# P'cola Beach Pier Setup Question



## hopdaddie (Oct 14, 2007)

I've been fishing the surf for a while now and doing pretty well. I have not ever fished off a bridge or pier but I am interested in getting started, especially before Cobia season heats up.



What is a good setup to have at the P'cola beach pier? I see pictures of all different types of gear, most of mine is geared for the surf. What are the essentials for reds, kings, spanish, flounder, etc? What type of rigs/bait? I just moved here from Atlanta this summer so I am still learning. Thanks for the help!



Dan


----------



## JoshH (Sep 28, 2007)

The 2 times I've been to the pier were not exactly fun. If you go this time of year you'll be ok though. Too many people slinging and not caring one bit if you are there. If you go during cobe season, or summer be sure to bring:


----------



## shutterup (Dec 6, 2007)

HATER :Flipbird


----------



## d45miller (Oct 2, 2007)

> *shutterup (1/1/2008)*HATER :Flipbird


Actually you will need all of that gear if you're targeting cobes. My advice would be to hold off on the pier until mid/late April or May. Get out there w/ at least 150 yds or 15 or 20 pound line with a wire leader and a #4 trebel hook with a cigar minnow or any live bait you can catch. PM VS200B for some good tips targeting the other species b/c he's out there quite a bit and has a lot of success.


----------



## Ryan (Dec 28, 2007)

i got a mitchell 302 that i use for kings and what not at the pier and i use a stradic 4000 for like pomps,bobos,flounder and reds


----------



## true-king (Oct 2, 2007)

the typical pier setup isa penn 704 or 706 with a 9' rod. as for cobia season, the "slinging jigs" aren't really that bad. just keep an eye out for the guys near you.


----------



## hopdaddie (Oct 14, 2007)

Thanks for all the tips, they really made me laugh. I'll be ready this spring!


----------



## floridafisherman (Oct 1, 2007)

The most important thing you'll need for pier cobia fishing is 

A: Good eyes and capability to recognize fish.

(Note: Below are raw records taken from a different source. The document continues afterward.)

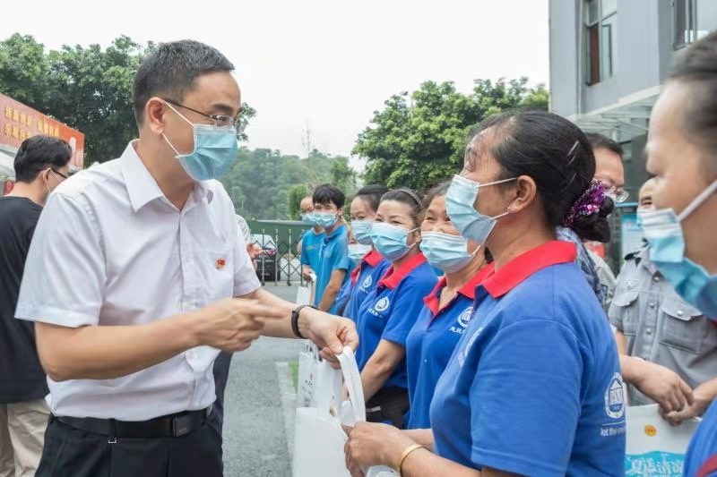 8月17日,省总工会慰问组一行赴成都市高新区桂溪街道开展“我为群众办实事”关爱户外劳动者“送清凉”活动,慰问奋战在高温一线的环卫工人、外卖配送员等户外劳动者,为他们送上党委、政府和工会“娘家人”的关心关爱。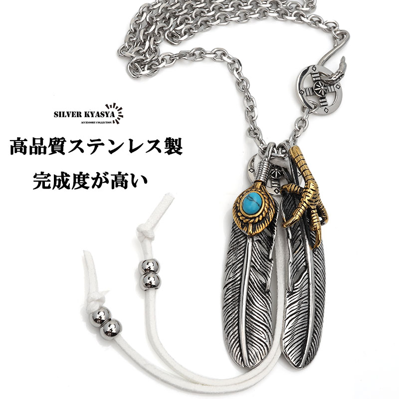 ステンレス ダブルフェザーネックレス メンズ ペンダント シルバー 太陽 ターコイズ フェザーネックレス 特大 フェザー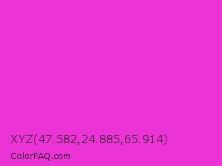 XYZ 47.582,24.885,65.914 Color is a normal magenta color and the nearest color is Razzle Dazzle Rose #ff33cc. Hex code #eb33d6 and RGB value is rgb(235,51,214). In RGB color space, this color is composed of 92% red, 20% green, 84% blue, In CMYK color space, this color is composed of 0% cyan, 78% magenta, 9% yellow , 8% black , In HSL color space, this color has a hue angle of 307° , 82% saturation and 56% lightness.

B:The ability to very accurately cast to a moving target, i.e. cobia.

C:A rod and reel that can comfortably handle 30 pound test and throw a 3-4 ounce jig.

D: Patience, lots of Patience.


----------



## ratzila (Sep 28, 2007)

> *floridafisherman (1/2/2008)*The most important thing you'll need for pier cobia fishing is
> 
> A: Good eyes and capability to recognize fish.
> 
> ...


E: Bevery lucky to yell "first cast" before anyone else:angel


----------



## Tyler Massey (Oct 2, 2007)

For the bigger fish like kings, cobia, tarpon and sharks you will need a reel in the 15 to 30# class with a good line capacity and a smooth drag and a 8-9ft rod in the same line class. For the smaller fish like pompano, spanish, bonita, redfish and flounder you will need a 8 to 10# class rod and reel,a good reel is a shimano stradic 2500 or 4000.....The pier can be crazy sometimes but if you pay attention to what your doing you should be fine. A good tip would be to watch what other people are doing and ask questions. good luck.


----------



## Travis Gill (Oct 6, 2007)

> *ratzila (1/3/2008)*
> 
> 
> > *floridafisherman (1/2/2008)*The most important thing you'll need for pier cobia fishing is
> ...


There isn't a whole lot of luck involved. ITs First shot BTW


----------



## otto (Dec 3, 2007)

Freespool is right, it's more like a good pair of eyes behind a good pair or glasses. Oh and pay attention! That helps a lot.


----------



## John B. (Oct 2, 2007)

in the words of the infamous GARBO....

DANG...

good glasses, a reel in the 20# range that can hold 250 yards of line.

lots of patience.... and watching other people....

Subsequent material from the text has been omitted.